The story of the Barbet is long and impressive. References to the breed are throughout history, doing various jobs, with various historical lineage, always referenced with respect and admiration. After so many centuries of serving man in so many capacities, the Barbet is not a common nor well known breed. A victim of the changes of the history he helped shape, the Barbet was nearly extinct after both the Great War (WWI) and WWII. Through the efforts of a very devoted few, this old breed is slowly being reborn as a dog for the future.

The Barbet is a French water dog and the breed’s name “Barbet” comes from the French word barbe, which means beard. It has been said that the French Royals have been hunting with Barbet for all time. The Barbet has also worked as sailor’s assistants, much like the Portuguese water dog.

The first certain reference to the breed occurs in the fourteenth century when a gascon count speaks of them in a book written in 1387.

The earliest attempt at categorizing the Barbet was in 1570 with De Canibus Britannicus. Originally written in latin by Dr Johannes Caius who was Queen Elizabeth’s doctor. Translated to English in 1576, a group of dogs for hunting and fowling called Aucupatorii were: setter, waterdog and water spaniel.

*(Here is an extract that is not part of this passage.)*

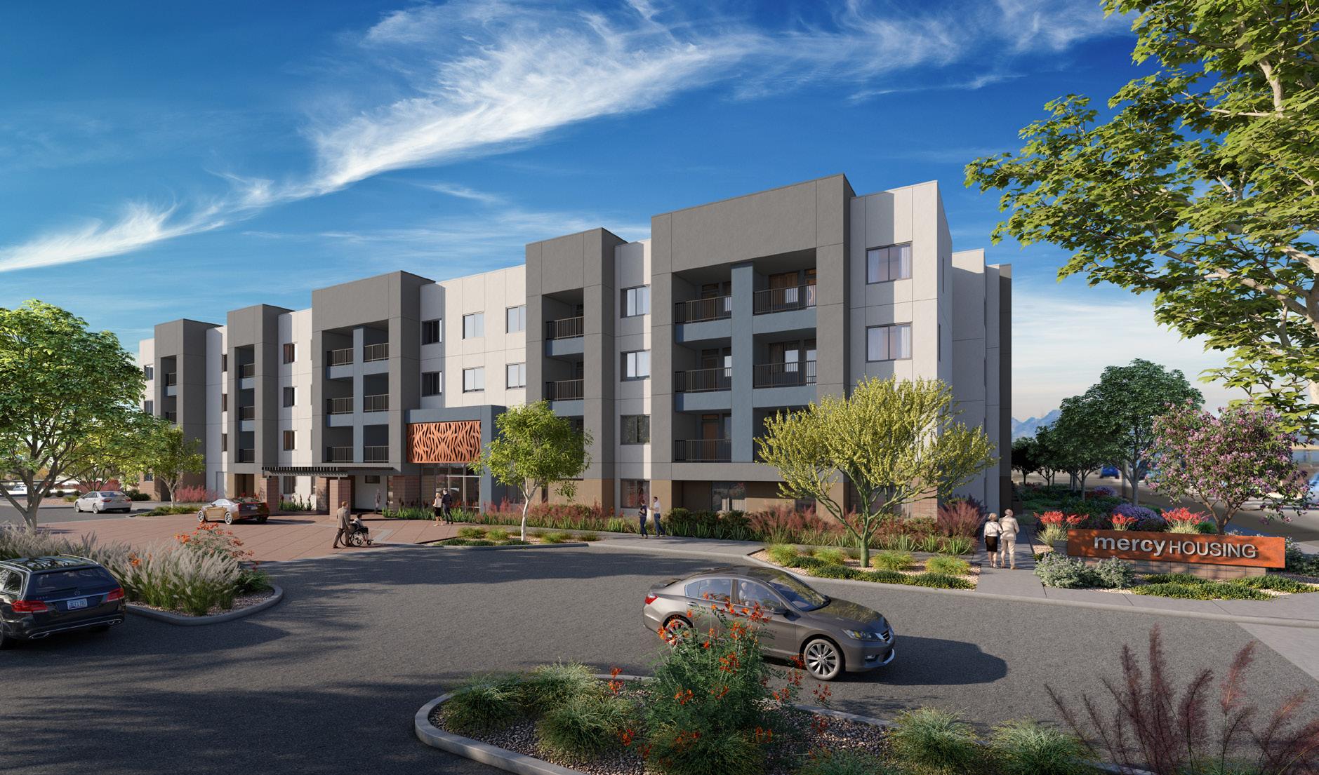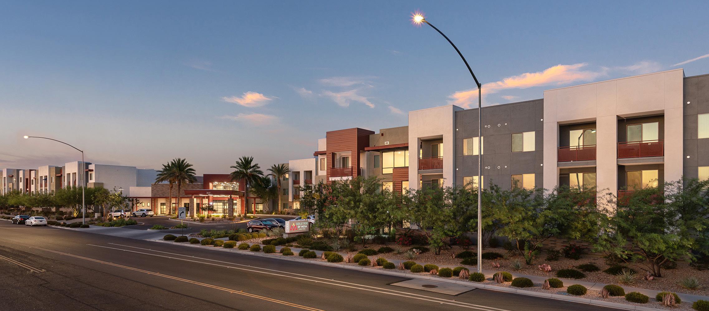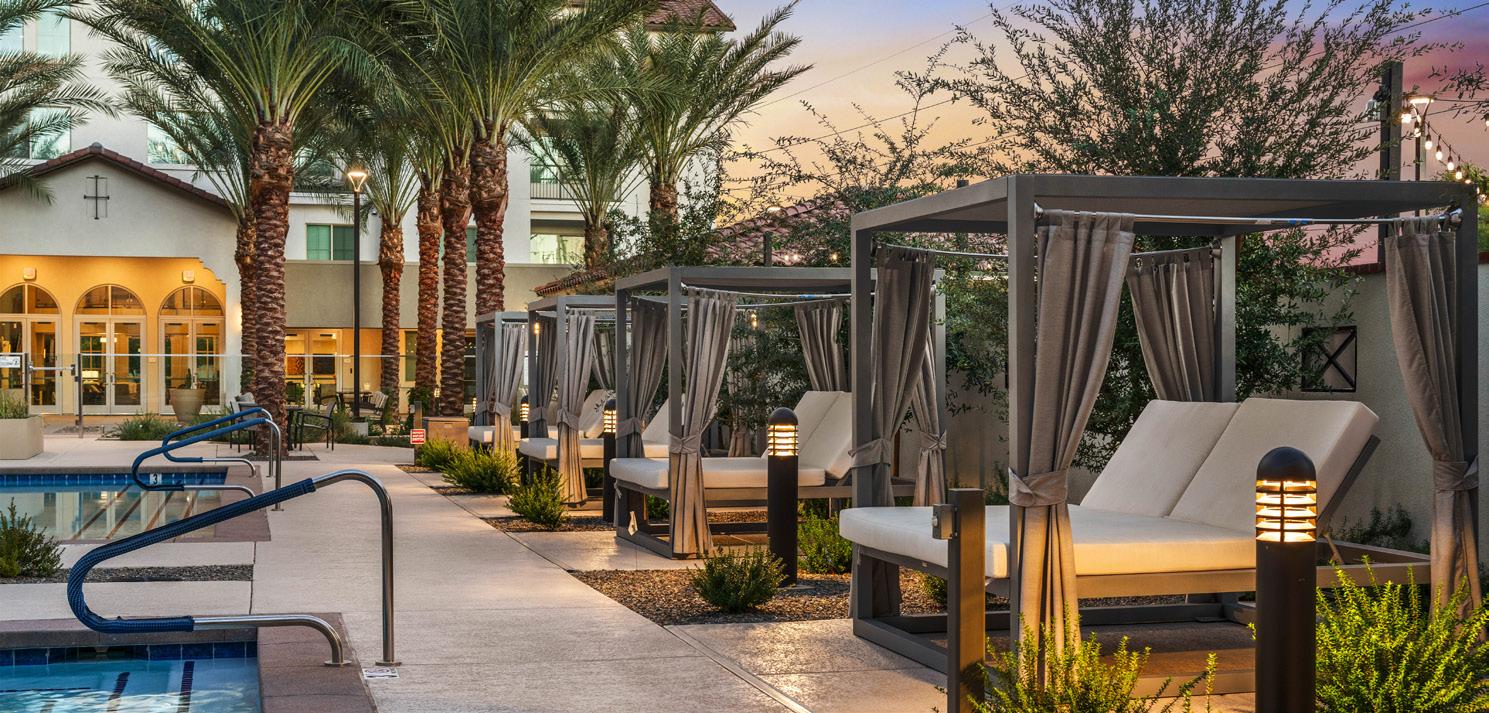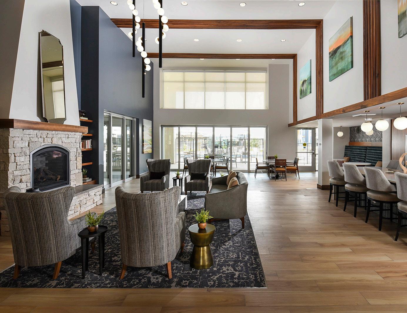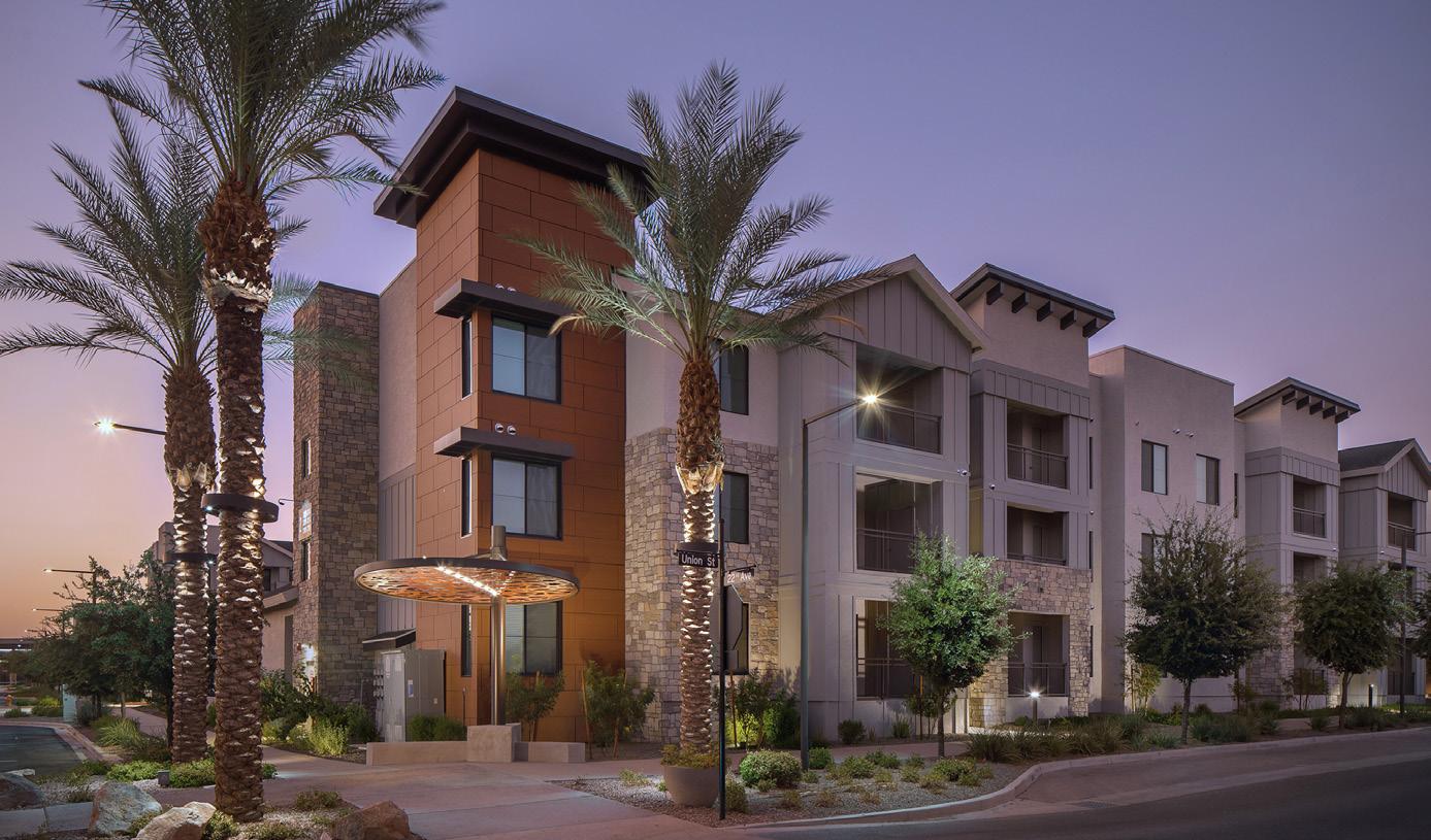 As the fourth community for this client within the greater Phoenix area, Clearwater Mayo Blvd is a 181-unit resortinspired senior living community. It is comprised of 26 high-end casitas, 125 independent/assisted living units, and 30 memory care units. Located off the 101 Freeway, it is integrated into the community near retail, restaurants, and healthcare with pedestrian walkways and outlets. The location is key, neighboring a 2-phase multifamily development, which creates a multi-generational community with a contemporary architectural design.

Sixteenth-century cynologist Fouilloux dubbed him the Barbet, from barbe, a French designation for beard; his pseudonym, laineux., translates into woolly.

This breed has contributed to the French language “être crotté comme un Barbet”—to be very, very muddy. Perhaps it is their impishness that entices them to muddy, swampy places, giving them the nickname of “Mud Dog.”


Henry IV of France (1553-1610); king of France (1589-1610) was enthusiastic about all sorts of hunting, and he enjoyed waterfowling with his Barbet.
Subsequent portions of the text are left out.